No pocos asumen la soledad por desconfianza y temor al encuentro con el otro, o por traumas derivados de fracasos afectivos. Lo cierto es que la naturaleza social, gregaria, de la especie humana, es una característica antropológica que trasciende a todas las culturas y sociedades. Y la primaria manifestación de ese impulso es la irresistible atracción entre los polos sexuales y psicológicos: el hombre y la mujer. No estamos diseñados para afrontar la vida consciente como individuos solos y aislados. Al unirse hombre y mujer se produce un ser completo, la pareja, y así se crea la primera y básica forma de asociación y cooperación. De la pareja surge la descendencia y con ella se genera la célula fundamental de la sociedad, la primaria modalidad de comunidad: la familia. Ese elemento antropológico reforzado por la cultura no significa que la totalidad del género humano participe consciente o inconscientemente del impulso gregario. Hay excepciones: los solitarios, anacoretas, misóginos. Fernando Pessoa, magnífico poeta portugués, confiesa su rechazo a cualquier tipo de relación con los otros:

“Esta es mi moral, o mi metafísica o yo. Transeúnte de todo –hasta de mi propia alma -, no pertenezco a nada, no soy nada –centro abstracto de sensaciones impersonales, espejo caído que siente orientado hacia la variedad del mundo. Con esto no sé si soy feliz; y tampoco me importa. Colaborar, unirse, actuar junto a otros, es un impulso metafísicamente mórbido. El alma que le es dada al individuo no debe ser prestada a sus relaciones con los otros. El hecho divino de existir no debe ser entregado al hecho satánico de coexistir. Al actuar junto a otros pierdo, al menos, una cosa –el actuar solo. Cuando me entrego, aunque parezca que me expando, me limito. Convivir es morir. Para mí, sólo mi autoconciencia es real; los otros son fenómenos inciertos en esa conciencia, a los que resultaría mórbido prestar una realidad muy verdadera…Desperdiciamos nuestra personalidad en orgías de coexistencia[4].
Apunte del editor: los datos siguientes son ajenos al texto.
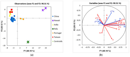 Discriminant analysis (DA) was performed using macro-elemental and isotopic composition data (Figure 4) to investigate the distribution of variables in more detail and reveal possible differences among the samples originating from China (n = 16), Hawaii (n = 2), India (n = 4), Italy (n = 2), Portugal (n = 2), and Taiwan (n = 3). The first two discriminant components (F1 and F2) account for 90.3% of the total variance. In the discriminant function score plot (Figure 4a), each cluster (centroid) is represented by a scatter plot. In the loadings plot (Figure 4b), they appear as vectors demonstrating a degree of association of the corresponding initial variable with the first two discriminant components. Red vectors indicate the most significant variables, and blue vectors represent the least significant variables for sample separation and clustering. Six groups of samples are identified in the DA score plot (Figure 4a).
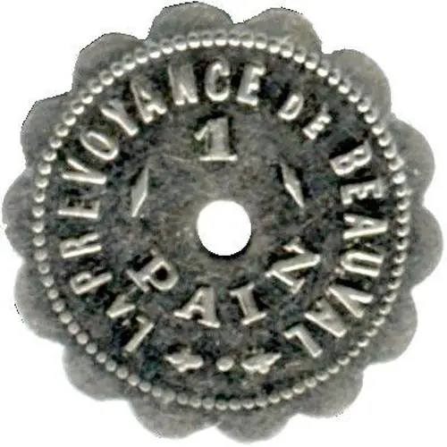 | Obverse lettering | la prévoyance de Beauval 1 Pain |
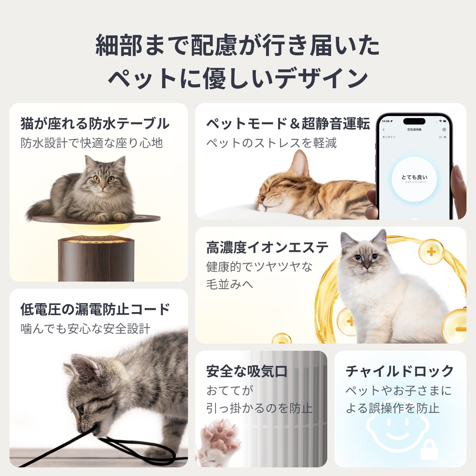 【5層フィルターで徹底浄化】360°吸気+HEPA+活性炭+高濃度イオンで毛・花粉・異臭・静電気も除去。
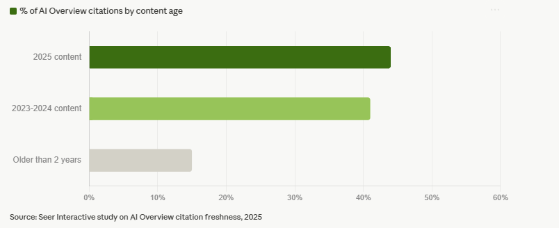 A study by Seer Interactive found that 85 percent of AI Overview citations were published in the last two years, with 44 percent of them from 2025 alone.
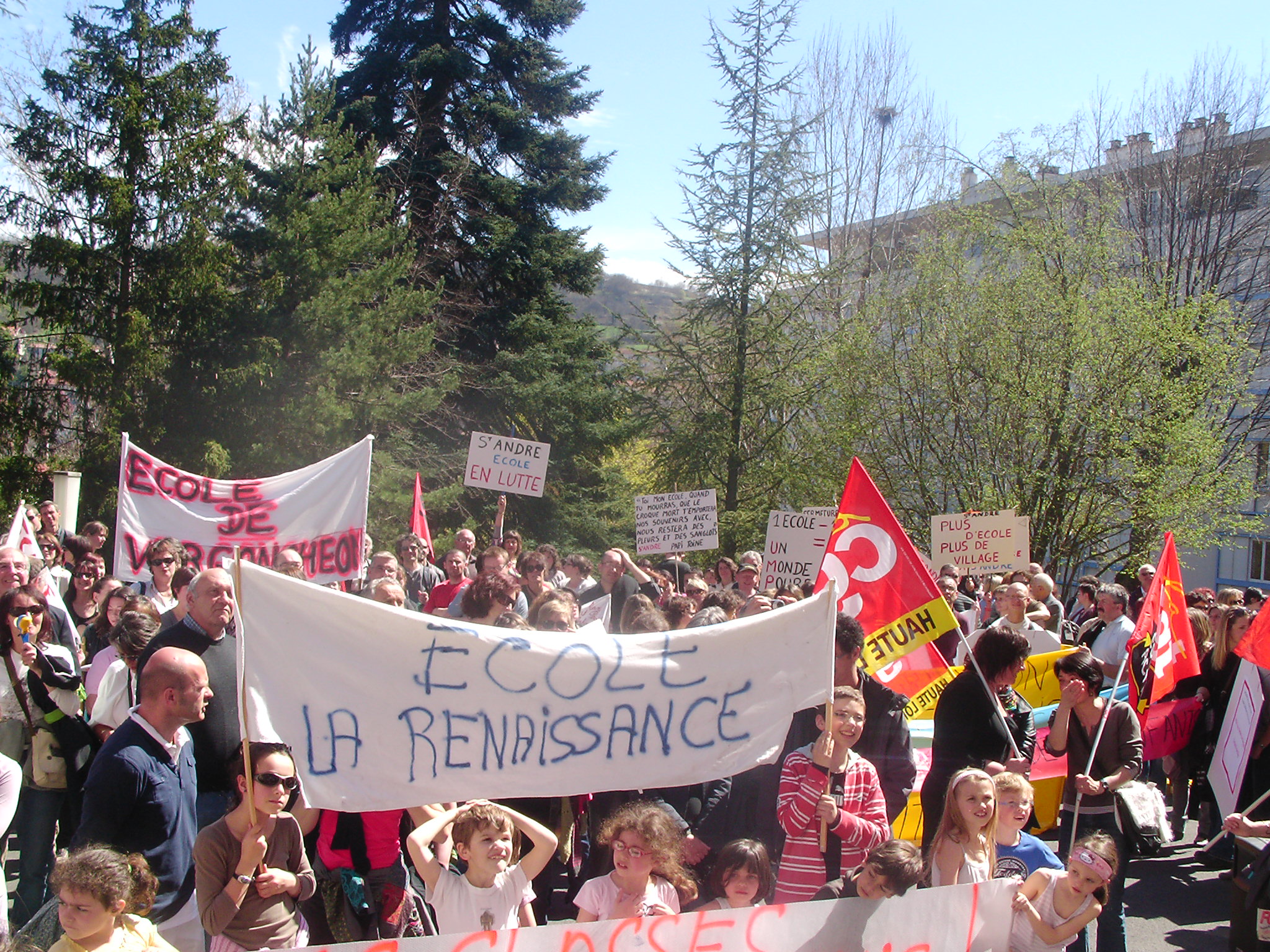 Ce fut gai, avec la juxtaposition des enfants menant grand bruit, comme dans les cours de nos écoles, les parents fortement agacés et qui nous demandaient encore au nom de quelle logique ils vivaient ces suppressions de postes, les naïfs !!!, et les collègues, de quelque syndicat qu’ils soient, rassurés de voir que "pour une fois", ils ne sont pas les seuls qui réclament des moyens.

El poeta misántropo nació y vivió porque un hombre y una mujer, sus padres, se acoplaron por esa irresistible atracción de los diferentes. Y aunque rechace toda compañía y diga que “convivir es morir”, la sociedad de su tiempo le enseñó los medios para comunicar sus escépticos versos: el pensamiento, el habla, la lectura y la escritura.  En mi caso, he buscado en la mujer la complementación para aliviar el vacío existencial de la incompletud. Desde niño, así lo confieso en este limitado esfuerzo por recapitular mi vida, me han enloquecido las hembras. Para mí la vida sería insípida, inodora, incolora como el agua, si no estuviera presente en ella el más fabuloso y genial invento de Dios: la mujer. En el Paris de los años 70 vi unas cuantas veces el memorable film “Y Dios creó la mujer” (1956), protagonizado por esa escultural hembra como lo fue Brigitte Bardot, tenía 19 años (dirigido por Roger Vadim, quien al parecer disfrutó de la exquisita Brigitte, al igual que de otra hembra de la cinematografía: Jean Fonda) en la Cinemateca de la Cité Universitaire, Boulevard Jourdan, oía el jadeo de algunos obsesos masturbándose en la oscuridad mirando las imágenes de la Bardot, hoy,-los inevitables-, estragos del tiempo, una anciana arrugada, ni sombra de aquella belleza. Ese film me inspiró estas pendejas palabras escritas en 1971:

¡Ah la mujer!, “nadie prueba impunemente las aguas ocultas de la mujer”, dijo Jehová al primer Hombre, no le bastó a Adán disfrutar las delicias del Paraíso terrenal, la armonía entre Él y la naturaleza, la ausencia de angustias, miedos, desasosiegos, no necesitar ganarse el pan nuestro de cada día con el sudor de su frente, no padecer enfermedades, ni el deterioro de la vejez, ni la muerte. Y Adán, luego de probar la inigualable dulzura de la primera Hembra, reclamó a Jehová “La culpa es tuya ¡Oh mi Dios!, sin consultarme tomaste mi costilla mientras dormía, me diste por compañera a este ángel demoníaco, Eva”. ¿Cómo pretendía el Creador del universo prohibir a esta pobre criatura hecha de barro, que no gustara de la manzana de la perdición? Adán fue expulsado del Edén y para siempre perdió su cordura en los brazos de la mujer, pobre animal erótico y vacilante, el hombre inútilmente busca escapar a su destino: poder, dinero, fama, ¡Qué cosas tan vanas y perecederas! Quien ha bebido, y con creces, del profundo misterio de la mujer, ya no tiene consuelo posible, agua que no sacia, sólo en la vejez, con la pérdida de la fuerza vital para penetrar el secreto, ese animal erótico que somos los hombres, se resigna y mal. Nostálgico sediento, vive sus últimos días el desconsuelo del recuerdo”.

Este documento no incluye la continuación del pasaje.